Extracted data entries
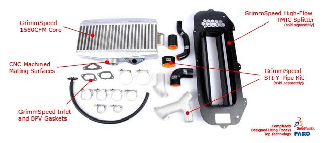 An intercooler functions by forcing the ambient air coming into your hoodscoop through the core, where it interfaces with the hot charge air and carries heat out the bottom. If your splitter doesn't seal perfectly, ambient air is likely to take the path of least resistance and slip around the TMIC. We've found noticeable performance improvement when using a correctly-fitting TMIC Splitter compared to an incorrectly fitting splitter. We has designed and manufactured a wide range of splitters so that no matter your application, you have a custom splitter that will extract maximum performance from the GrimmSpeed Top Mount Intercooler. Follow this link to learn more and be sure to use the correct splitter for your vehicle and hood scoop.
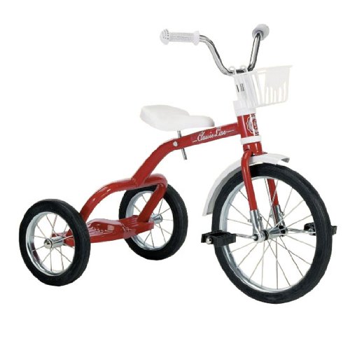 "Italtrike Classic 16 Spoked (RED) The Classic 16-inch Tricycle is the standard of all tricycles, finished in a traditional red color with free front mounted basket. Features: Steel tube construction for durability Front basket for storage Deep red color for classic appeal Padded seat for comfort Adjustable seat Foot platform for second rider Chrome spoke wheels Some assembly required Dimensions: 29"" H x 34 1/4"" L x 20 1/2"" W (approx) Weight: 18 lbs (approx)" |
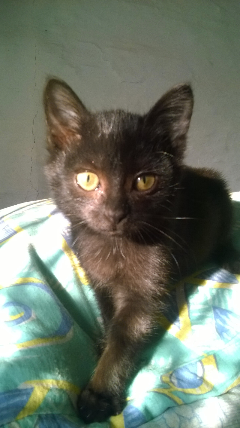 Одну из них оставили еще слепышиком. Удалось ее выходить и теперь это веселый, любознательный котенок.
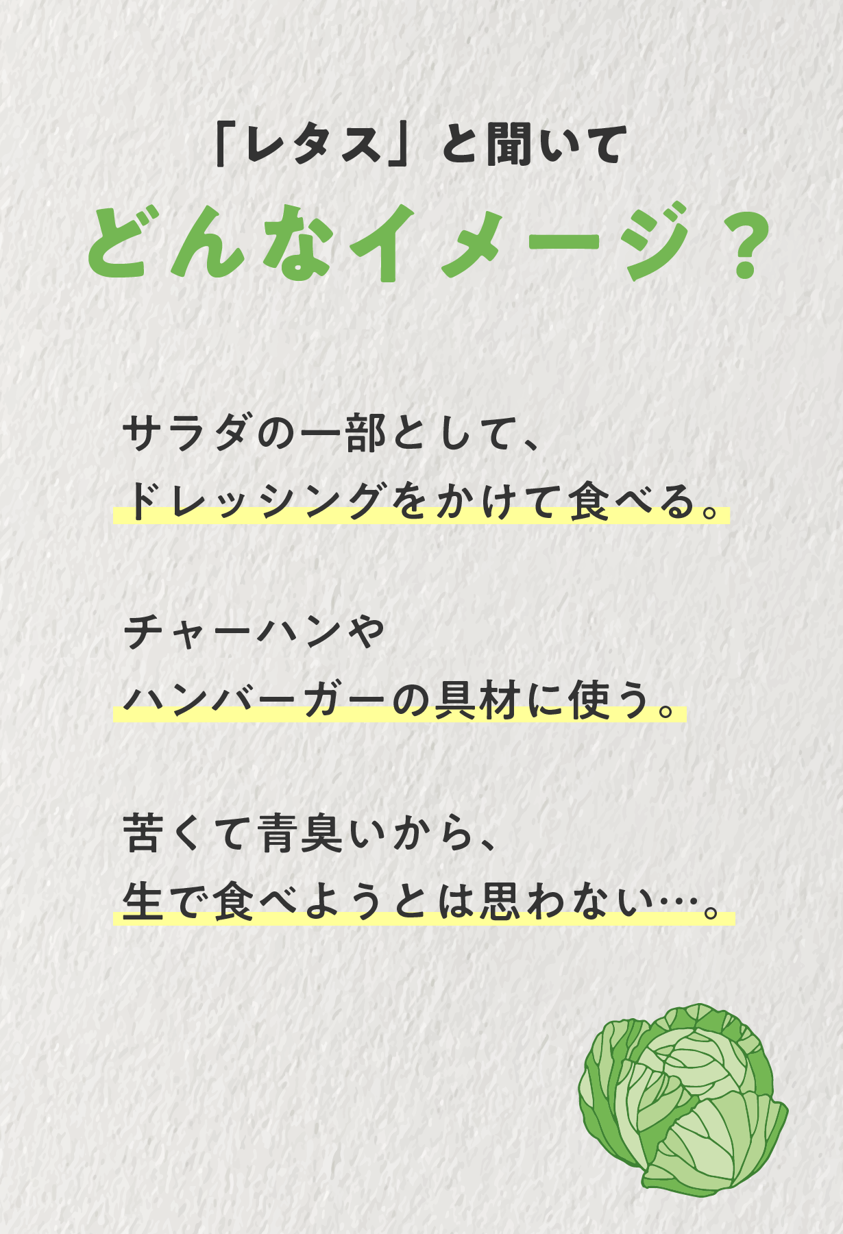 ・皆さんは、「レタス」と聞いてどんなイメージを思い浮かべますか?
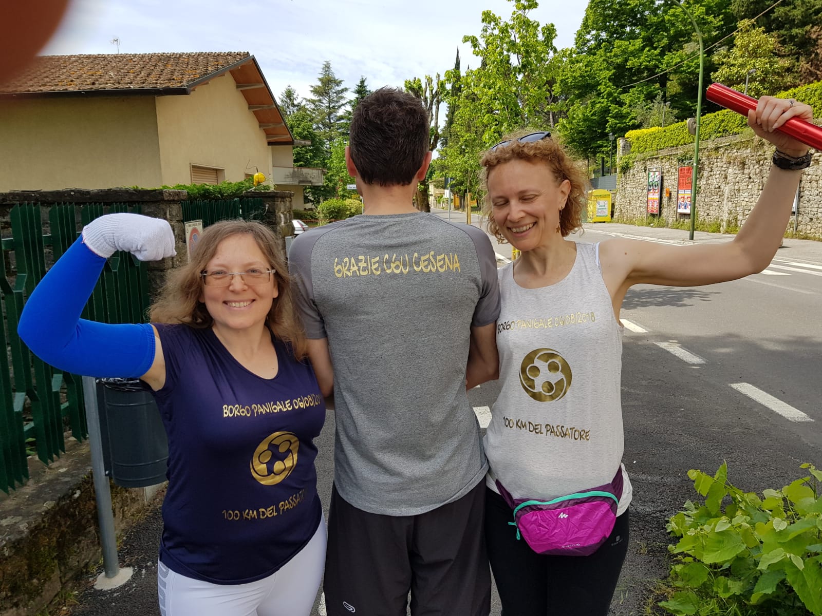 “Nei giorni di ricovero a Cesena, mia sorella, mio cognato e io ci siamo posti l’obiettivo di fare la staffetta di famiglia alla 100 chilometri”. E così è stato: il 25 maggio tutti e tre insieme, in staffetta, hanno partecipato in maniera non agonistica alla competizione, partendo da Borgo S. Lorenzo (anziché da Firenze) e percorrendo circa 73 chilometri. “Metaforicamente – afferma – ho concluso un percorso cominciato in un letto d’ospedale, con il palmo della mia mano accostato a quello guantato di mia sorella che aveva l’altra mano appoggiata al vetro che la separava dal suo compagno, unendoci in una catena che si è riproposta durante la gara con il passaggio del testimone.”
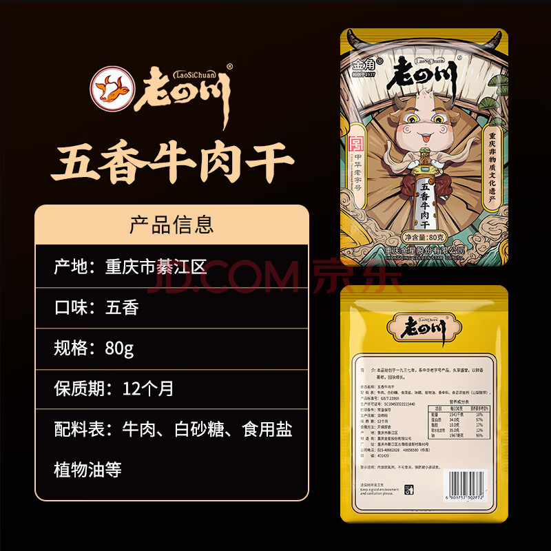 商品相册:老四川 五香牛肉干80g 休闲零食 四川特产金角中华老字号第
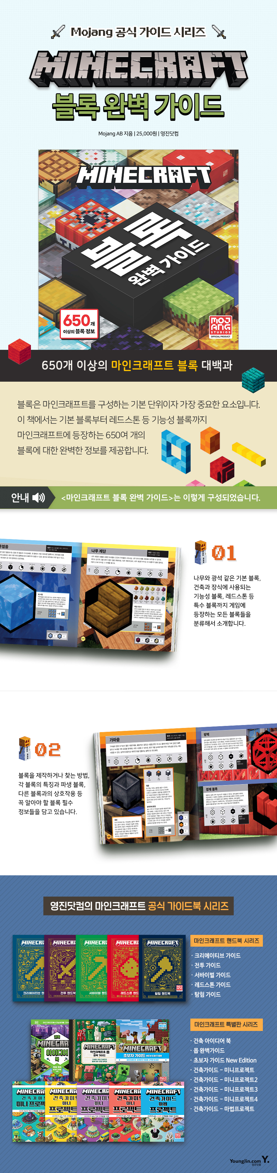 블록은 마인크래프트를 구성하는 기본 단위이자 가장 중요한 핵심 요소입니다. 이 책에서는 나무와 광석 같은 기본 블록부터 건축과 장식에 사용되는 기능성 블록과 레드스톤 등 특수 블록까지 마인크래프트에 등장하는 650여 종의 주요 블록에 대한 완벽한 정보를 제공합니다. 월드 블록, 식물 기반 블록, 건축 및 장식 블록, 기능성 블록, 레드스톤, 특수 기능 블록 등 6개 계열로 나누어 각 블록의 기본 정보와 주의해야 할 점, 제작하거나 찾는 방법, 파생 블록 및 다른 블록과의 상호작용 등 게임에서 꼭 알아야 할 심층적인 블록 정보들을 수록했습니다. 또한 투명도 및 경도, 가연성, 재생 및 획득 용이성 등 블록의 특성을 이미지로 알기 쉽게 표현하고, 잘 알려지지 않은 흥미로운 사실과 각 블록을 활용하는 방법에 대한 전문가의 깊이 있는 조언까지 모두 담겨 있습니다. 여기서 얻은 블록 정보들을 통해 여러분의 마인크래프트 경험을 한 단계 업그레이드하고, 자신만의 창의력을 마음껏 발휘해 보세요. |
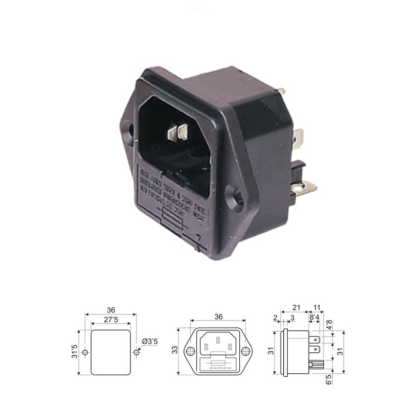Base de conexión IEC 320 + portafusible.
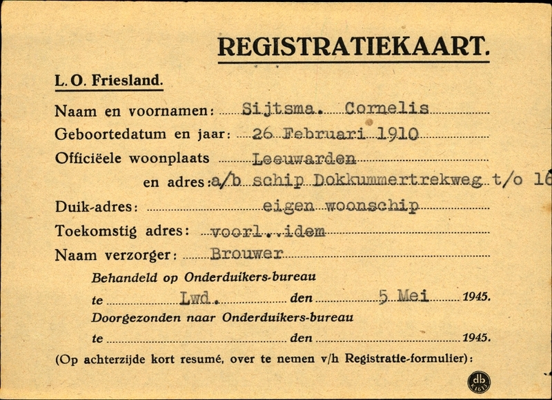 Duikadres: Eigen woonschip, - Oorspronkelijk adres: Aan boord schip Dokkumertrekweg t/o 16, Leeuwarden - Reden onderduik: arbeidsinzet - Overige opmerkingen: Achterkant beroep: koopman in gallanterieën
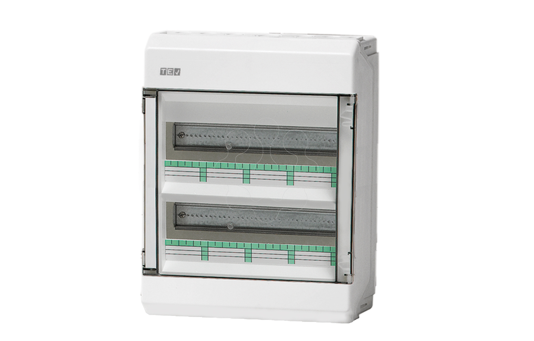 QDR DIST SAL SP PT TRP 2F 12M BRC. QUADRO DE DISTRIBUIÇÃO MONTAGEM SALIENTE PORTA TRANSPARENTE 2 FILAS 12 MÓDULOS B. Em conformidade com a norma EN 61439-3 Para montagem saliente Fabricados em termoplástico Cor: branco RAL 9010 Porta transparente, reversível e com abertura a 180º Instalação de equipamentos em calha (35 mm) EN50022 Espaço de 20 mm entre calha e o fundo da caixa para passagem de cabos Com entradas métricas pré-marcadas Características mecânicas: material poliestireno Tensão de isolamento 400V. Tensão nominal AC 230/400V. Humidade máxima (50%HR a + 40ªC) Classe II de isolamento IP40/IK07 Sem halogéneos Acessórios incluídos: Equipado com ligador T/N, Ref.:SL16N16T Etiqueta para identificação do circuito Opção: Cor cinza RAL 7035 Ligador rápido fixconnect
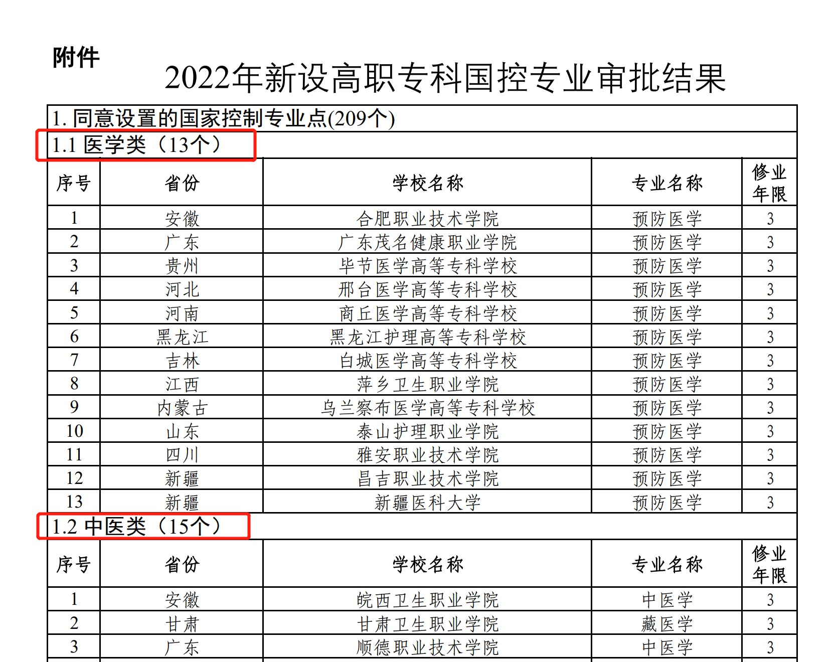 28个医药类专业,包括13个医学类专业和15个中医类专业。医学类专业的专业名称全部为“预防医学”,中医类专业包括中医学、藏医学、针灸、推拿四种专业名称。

HOW TO COMPLETE THIS TASK: Transcribe all of the data above verbatim but omit every picture.

THE COMPLETED TASK:
 An intercooler functions by forcing the ambient air coming into your hoodscoop through the core, where it interfaces with the hot charge air and carries heat out the bottom. If your splitter doesn't seal perfectly, ambient air is likely to take the path of least resistance and slip around the TMIC. We've found noticeable performance improvement when using a correctly-fitting TMIC Splitter compared to an incorrectly fitting splitter. We has designed and manufactured a wide range of splitters so that no matter your application, you have a custom splitter that will extract maximum performance from the GrimmSpeed Top Mount Intercooler. Follow this link to learn more and be sure to use the correct splitter for your vehicle and hood scoop.
 "Italtrike Classic 16 Spoked (RED) The Classic 16-inch Tricycle is the standard of all tricycles, finished in a traditional red color with free front mounted basket. Features: Steel tube construction for durability Front basket for storage Deep red color for classic appeal Padded seat for comfort Adjustable seat Foot platform for second rider Chrome spoke wheels Some assembly required Dimensions: 29"" H x 34 1/4"" L x 20 1/2"" W (approx) Weight: 18 lbs (approx)" |
 Одну из них оставили еще слепышиком. Удалось ее выходить и теперь это веселый, любознательный котенок.
 ・皆さんは、「レタス」と聞いてどんなイメージを思い浮かべますか?
 “Nei giorni di ricovero a Cesena, mia sorella, mio cognato e io ci siamo posti l’obiettivo di fare la staffetta di famiglia alla 100 chilometri”. E così è stato: il 25 maggio tutti e tre insieme, in staffetta, hanno partecipato in maniera non agonistica alla competizione, partendo da Borgo S. Lorenzo (anziché da Firenze) e percorrendo circa 73 chilometri. “Metaforicamente – afferma – ho concluso un percorso cominciato in un letto d’ospedale, con il palmo della mia mano accostato a quello guantato di mia sorella che aveva l’altra mano appoggiata al vetro che la separava dal suo compagno, unendoci in una catena che si è riproposta durante la gara con il passaggio del testimone.”
 商品相册:老四川 五香牛肉干80g 休闲零食 四川特产金角中华老字号第
 블록은 마인크래프트를 구성하는 기본 단위이자 가장 중요한 핵심 요소입니다. 이 책에서는 나무와 광석 같은 기본 블록부터 건축과 장식에 사용되는 기능성 블록과 레드스톤 등 특수 블록까지 마인크래프트에 등장하는 650여 종의 주요 블록에 대한 완벽한 정보를 제공합니다. 월드 블록, 식물 기반 블록, 건축 및 장식 블록, 기능성 블록, 레드스톤, 특수 기능 블록 등 6개 계열로 나누어 각 블록의 기본 정보와 주의해야 할 점, 제작하거나 찾는 방법, 파생 블록 및 다른 블록과의 상호작용 등 게임에서 꼭 알아야 할 심층적인 블록 정보들을 수록했습니다. 또한 투명도 및 경도, 가연성, 재생 및 획득 용이성 등 블록의 특성을 이미지로 알기 쉽게 표현하고, 잘 알려지지 않은 흥미로운 사실과 각 블록을 활용하는 방법에 대한 전문가의 깊이 있는 조언까지 모두 담겨 있습니다. 여기서 얻은 블록 정보들을 통해 여러분의 마인크래프트 경험을 한 단계 업그레이드하고, 자신만의 창의력을 마음껏 발휘해 보세요. |
Base de conexión IEC 320 + portafusible.
 Duikadres: Eigen woonschip, - Oorspronkelijk adres: Aan boord schip Dokkumertrekweg t/o 16, Leeuwarden - Reden onderduik: arbeidsinzet - Overige opmerkingen: Achterkant beroep: koopman in gallanterieën
 QDR DIST SAL SP PT TRP 2F 12M BRC. QUADRO DE DISTRIBUIÇÃO MONTAGEM SALIENTE PORTA TRANSPARENTE 2 FILAS 12 MÓDULOS B. Em conformidade com a norma EN 61439-3 Para montagem saliente Fabricados em termoplástico Cor: branco RAL 9010 Porta transparente, reversível e com abertura a 180º Instalação de equipamentos em calha (35 mm) EN50022 Espaço de 20 mm entre calha e o fundo da caixa para passagem de cabos Com entradas métricas pré-marcadas Características mecânicas: material poliestireno Tensão de isolamento 400V. Tensão nominal AC 230/400V. Humidade máxima (50%HR a + 40ªC) Classe II de isolamento IP40/IK07 Sem halogéneos Acessórios incluídos: Equipado com ligador T/N, Ref.:SL16N16T Etiqueta para identificação do circuito Opção: Cor cinza RAL 7035 Ligador rápido fixconnect
 28个医药类专业,包括13个医学类专业和15个中医类专业。医学类专业的专业名称全部为“预防医学”,中医类专业包括中医学、藏医学、针灸、推拿四种专业名称。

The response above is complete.